This github respository is for the Summer Internship Course conducted between May 17 till June 11, 2021. The course is conducted and taught by Mr. Puneet Mittal from VLSI Expert Pvt Ltd, Prof. Santunu Sarangi and Prof. Saroj Rout from Silicon Institute of Technology, Bhubaneswar.
- Introduction Digital Design: Digital VLSI Design FLow, MUX-based & Decoder-based circuits, Finite-State Machines (FSM), Flip-Flops (Setup/Hold) Time, Delays (Propagation/transition), Noise-margin, clock-gating and timing concepts.
- Introduction to CMOS VLSI Design: VLSI Design flow: custom & semi-custom, Introduction to CMOS Processing.

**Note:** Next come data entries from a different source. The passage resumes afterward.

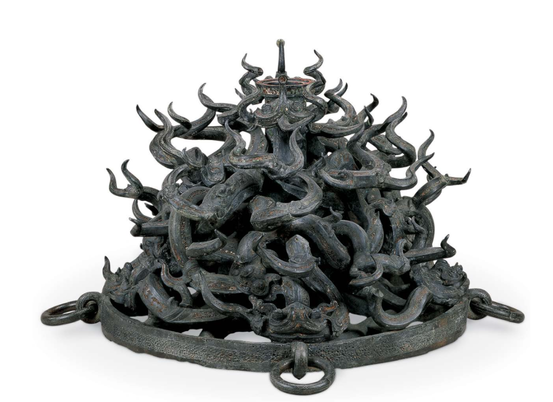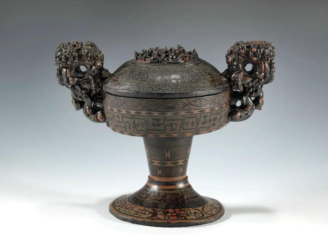 這件由蓋與豆組成的漆器是戰國時期漆木雕刻工藝的巔峰之作,也是當時漆器作品模仿青銅器創作的潮流典范。它由六個部分組成,最為突出的特點是蓋上精細雕刻的游龍和仿制青銅器上龍形裝飾的手柄。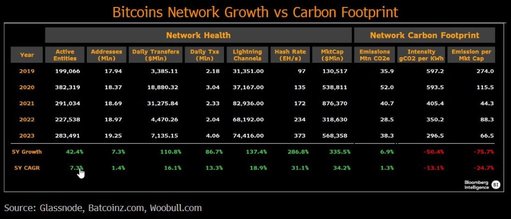 As evident from the stats below, while the network has grown in practically all key performance indicators (KPIs) of on-chain activity, carbon footprints have continued to decline, much to the delight of Bitcoin supporters.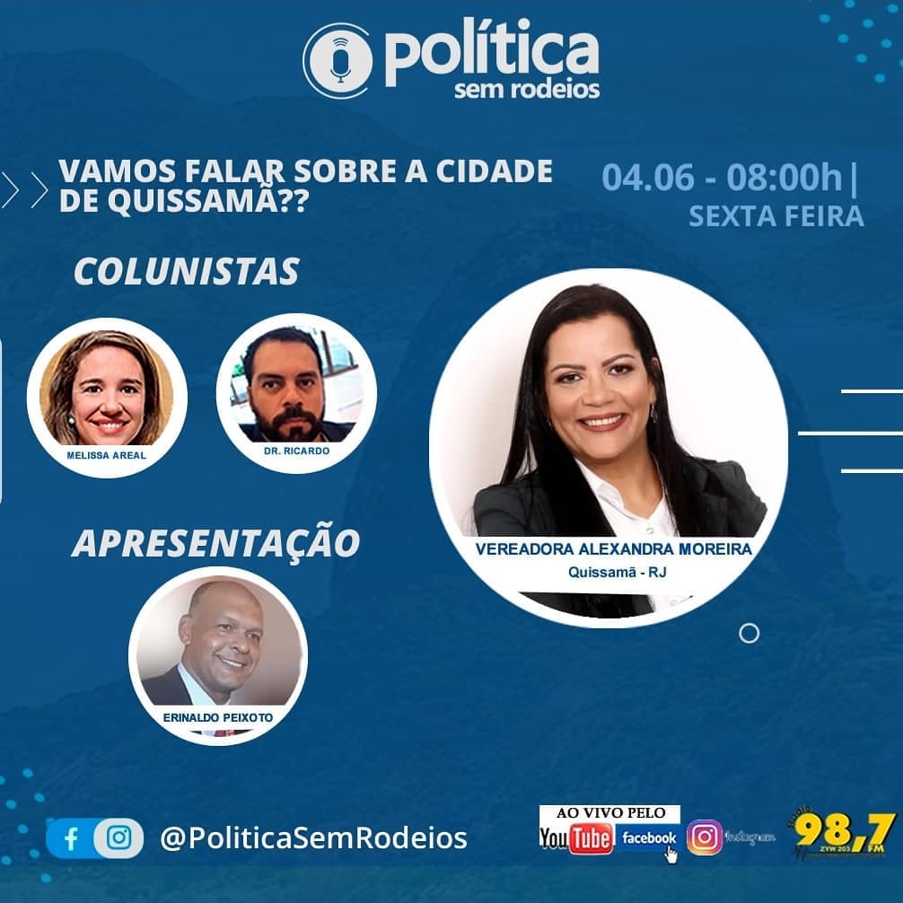 Na próxima, sexta-feira, dia 04-06-2021, debateremos sobre a cidade de Quissamã, no Norte Fluminense com a vereadora, Alexandra Moreira. ( @alexandramoreira.20).

- Review of Basic Circuit Theory: Essential network theory: KCL/KVL, superposition, circuit elements, node equation method, Thevenin/Norton theorem, dynamic circuit analysis (RC).
- Passive Integrated Circuit Devices: Resistors, Capacitors. Introduction to Semiconductors. Diodes.

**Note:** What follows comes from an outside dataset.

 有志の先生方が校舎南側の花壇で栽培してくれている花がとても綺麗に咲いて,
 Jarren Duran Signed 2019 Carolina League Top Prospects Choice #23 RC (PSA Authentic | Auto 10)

- MOS Device Physics: Threshold voltage, Current-Voltage relation, Intrinsic and Parasitic capacitance. MOS modeling. Parameter extraction.
- Inverter Characteristics: Static: Voltage Trandsfer Chracteristics (VTC), Noise Margin, Power & Area tradeoff. Dynamic: delays (propagation/transition), dynamic power.
- Layout: Introduction to design rules. DRC/LVS, stick diagram & euler graph.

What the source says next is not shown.